While Shiva and I bask in the cold November rain on our first official holiday, we have asked several bloggers to fill in for us with their own stories. At this point, Shiva is a little worried. Shiva, my loyal furry friend, thinks I will have my work cut out for me when I get back to work. Especially after today’s post, brought to you by That Jen K of Back Alley Soapbox fame. Not only is Jen a fellow Canadian, she also resides in my former home city of Calgary, Alberta. For that she has my deepest sympathy. Jen is a strong activist for animal welfare in Calgary and I wish I had known her when I lived there. If you are not already reading her blog, you are seriously missing out!
It’s no secret that many of us “dog bloggers” spend a lot of time off-line working on various skills with our canine companions.
Whether it is practicing something fun like agility weave poles and tubes, or something challenging like working towards loose-leashing walking with a reactive dog, we put a lot of time and effort into building skills and trust.
Heck, some of us even take it a step further and test out clicker training with the cat!
Unfortunately, it just happens to be the case that most of the general public doesn’t really see the point of some of the basic obedience skills like a 20 minute long-distance sit-stay.

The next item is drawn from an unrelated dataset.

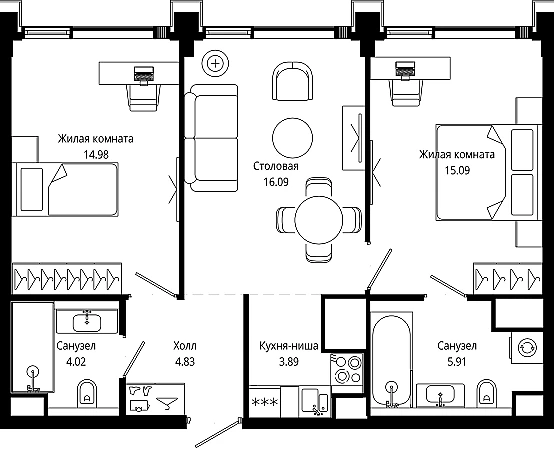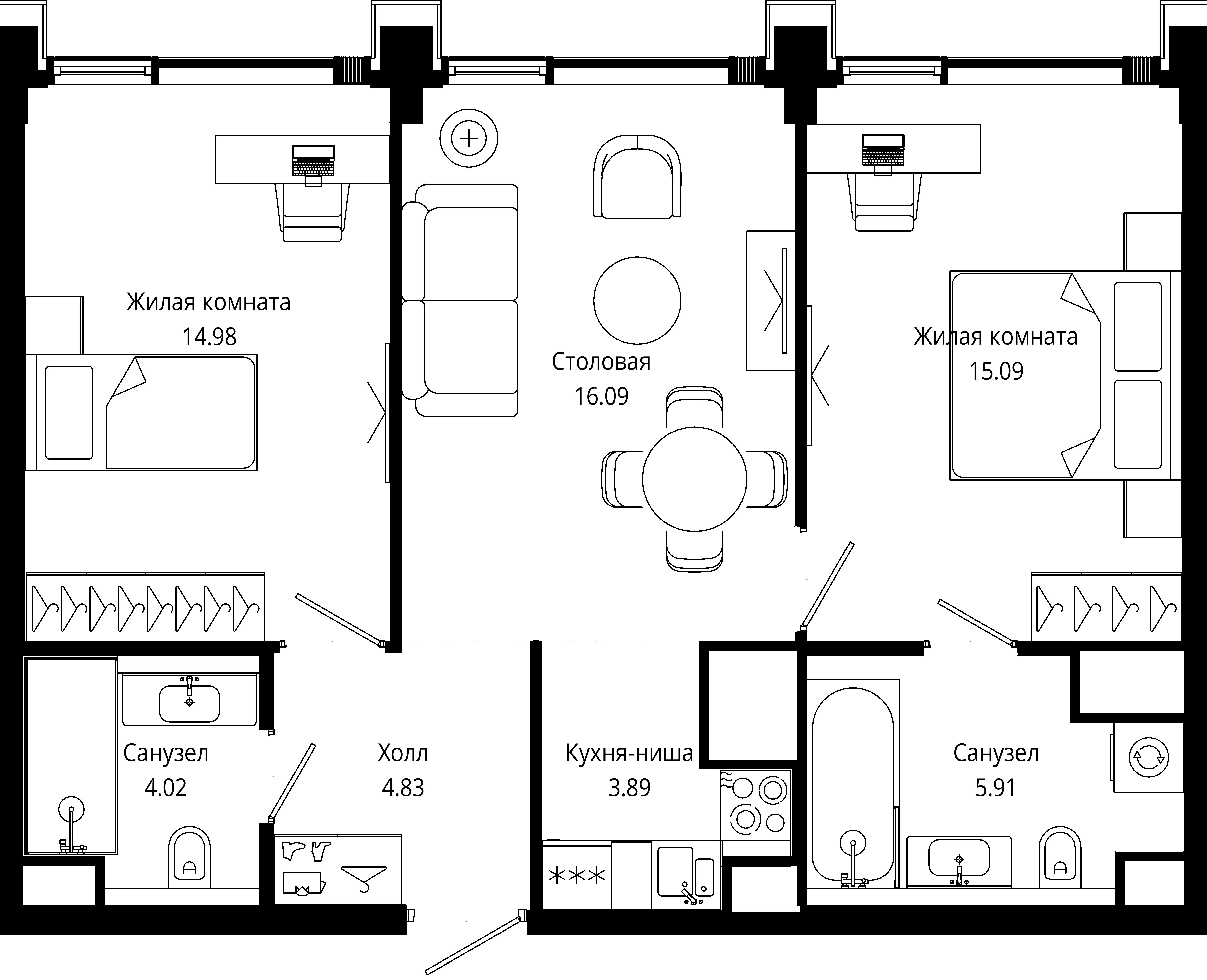 Купить 2к квартиру 64 м² в ЖК MOD (Мод)

Nor do many appreciate the accomplishment and all the hard work it takes to get there.
Of course, sometimes, you can spruce up an old favourite for an immediate increase in public admiration and appeal.
But when it comes to showing off our dogs – and our relationships with them – tricks are the ultimate crowd-pleasers.
From shake-a-paw/high-five, to dancing, to catching treats tossed in their direction, everyone gets a kick out of dog tricks – and of course they’re a blast to teach! And I’ve heard of some pretty cool dog tricks in my day.
But when it comes to teaching Moses tricks, we had trouble coming up with something unique and interesting.
I mean, he’s a pretty big guy, so speed and agility aren’t really his strongest suits.
But then it occurred to us – we have a Newfoundland.
And what is a very common Newf characteristic?
In reality, drool isn’t just a characteristic. It’s a hazard.
It is not uncommon for Moses to grab a drink in the kitchen, saunter into the living room, and shake his head free of the slobber. It’s just like going to the Blue Man Group; those in the “splash zone” should be prepped with ponchos.
It was our desire to harness this phenomenon that helped us to come up with the ‘trick’ Moses does that makes us most proud. We can use it when he gets
out of the water after a swim, or any other time we want attempt to pre-empt the inevitable soaking.
And how did we get there? We discovered if you blow lightly into Moses’ face, the tickling causes Moses to shake his head and send drool flying. So, using the simple premise of capturing the behavior and putting some verbal associations with it (easier said than done, but that’s the cliff notes version), we were able to come up with Moses’ “motorboat” signal.
And here is what that looks like:
And even though it might not be something super cute like rolling over and “playing dead”, we’re happy to say it’s both practical AND a crowd pleaser!
So now I’m curious: what are some of the most fun, challenging, or unique skills and tricks you have mastered with your pooch? Or what goals to you have for new ones?
Many thanks to Kristine for offering me the opportunity to guest-blog!